If KEYWORDS_AUTO_GENERATE is enabled, the keyword pipeline will call your configured LLM to propose discriminative keywords based on your codebase and golden dataset.

Editor / DevTools integration¶

The built‑in editor / DevTools panel is also driven by the same registry.
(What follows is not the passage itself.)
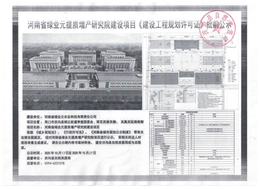 河南省绿业元提质增产研究院建设项目《建设工程规划许可证》批前公示》

Editor settings are read with a preference for agro_config.json / .env, and only fall back to a legacy settings.json file:

server/services/editor.py
from server.services.config_registry import get_config_registry


def read_settings() -> Dict[str, Any]:
    """Read editor settings, preferring registry (agro_config.json/.env) with legacy file fallback."""
    registry = get_config_registry()
    settings = {
        "port": registry.get_int("EDITOR_PORT", 4440),
        "enabled": registry.get_bool("EDITOR_ENABLED", True),
        "embed_enabled": registry.get_bool("EDITOR_EMBED_ENABLED", True),
        "bind": registry.get_str("EDITOR_BIND", "local"),  # 'local' or 'public'
        # ... more fields
    }
    # ... merge with legacy settings.json if present
    return settings

This is mostly infra rather than "model" config, but it uses the same mechanism: Pydantic → registry → typed getters.
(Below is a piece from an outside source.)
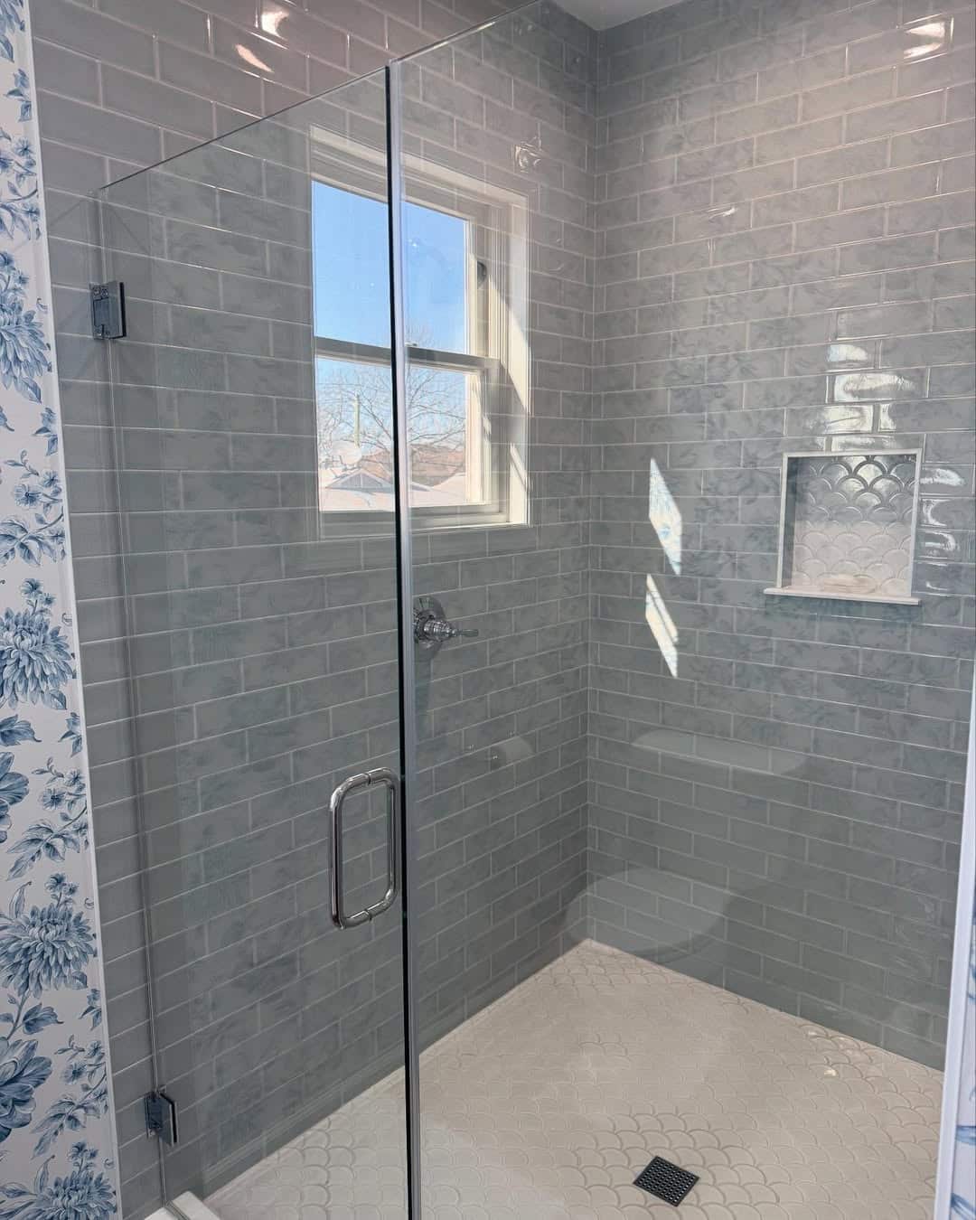 Grey subway tiles are timeless yet modern, especially in a shower. Their rectangular shape creates a clean, linear look that works well in both matte and glossy finishes. Lighter greys open up smaller bathrooms, while darker greys feel bold and moody. You can arrange them in traditional horizontal patterns, herringbone, or stacked vertically for a contemporary touch. Pairing them with black fixtures adds contrast, while chrome or brass finishes bring warmth. Grey subway tiles are versatile enough to complement marble floors, patterned accents, or even natural wood vanities, making them a practical yet stylish choice for a shower space.

How the UI knows what each parameter does¶

AGRO is intentionally self‑describing:

Every config key in AGRO_CONFIG_KEYS has metadata (description, type, default).
The web UI pulls that metadata and renders it as tooltips, with links to docs / papers where relevant.
You can search for any parameter name in the UI and jump straight to its explanation.

Because the registry tracks config source (which file a value came from), the UI can also show you whether a value is coming from:

.env (and therefore should be edited there), or
agro_config.json (and can be changed via the UI), or
Pydantic defaults (and hasn't been customized yet).
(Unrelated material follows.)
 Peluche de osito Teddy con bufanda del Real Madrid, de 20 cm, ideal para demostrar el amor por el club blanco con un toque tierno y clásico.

This is particularly useful for model configuration: you can see at a glance whether a model is being forced by an environment variable (e.g. in a CI profile) or coming from your local agro_config.json.

MCP and external tools¶

The MCP server (see features/mcp.md) exposes AGRO's RAG engine and configuration to tools like Claude Code / Codex. Because MCP handlers also go through the same registry, any model changes you make in the UI or config files are immediately visible to MCP clients.

You don't need a separate MCP‑specific config file for models.

Rough edges / things to be aware of¶

Some services cache config values at import time (e.g. keywords.py). If you change those values at runtime, you may need to call the corresponding reload_config() or restart the server.
The exact shape of AgroConfigRoot is still evolving. If you add custom fields, keep them under a namespaced section (e.g. "models": {"my_experiment": ...}) to avoid collisions with future versions.
Secrets should live in .env, not agro_config.json. config_store will refuse to echo secret values back to the UI, but it won't stop you from putting them in JSON if you really insist.

Summary¶

Models are pure configuration: no hard‑coded lists, no special‑case branches.
The config registry is the single source of truth, with clear precedence and type‑safe accessors.
The service layer (config_store, editor, rag, indexing, keywords, etc.) all consume model‑related config via the same registry.
The UI is driven by AGRO_CONFIG_KEYS and Pydantic metadata, so new model parameters show up automatically with documentation.

If you want to see exactly how a particular model parameter is used, the easiest path is:

Open the AGRO chat tab.
Ask it: "Where is EMBEDDING_MODEL used in the codebase?"
Follow the links into the repo and adjust agro_config.json / .env as needed.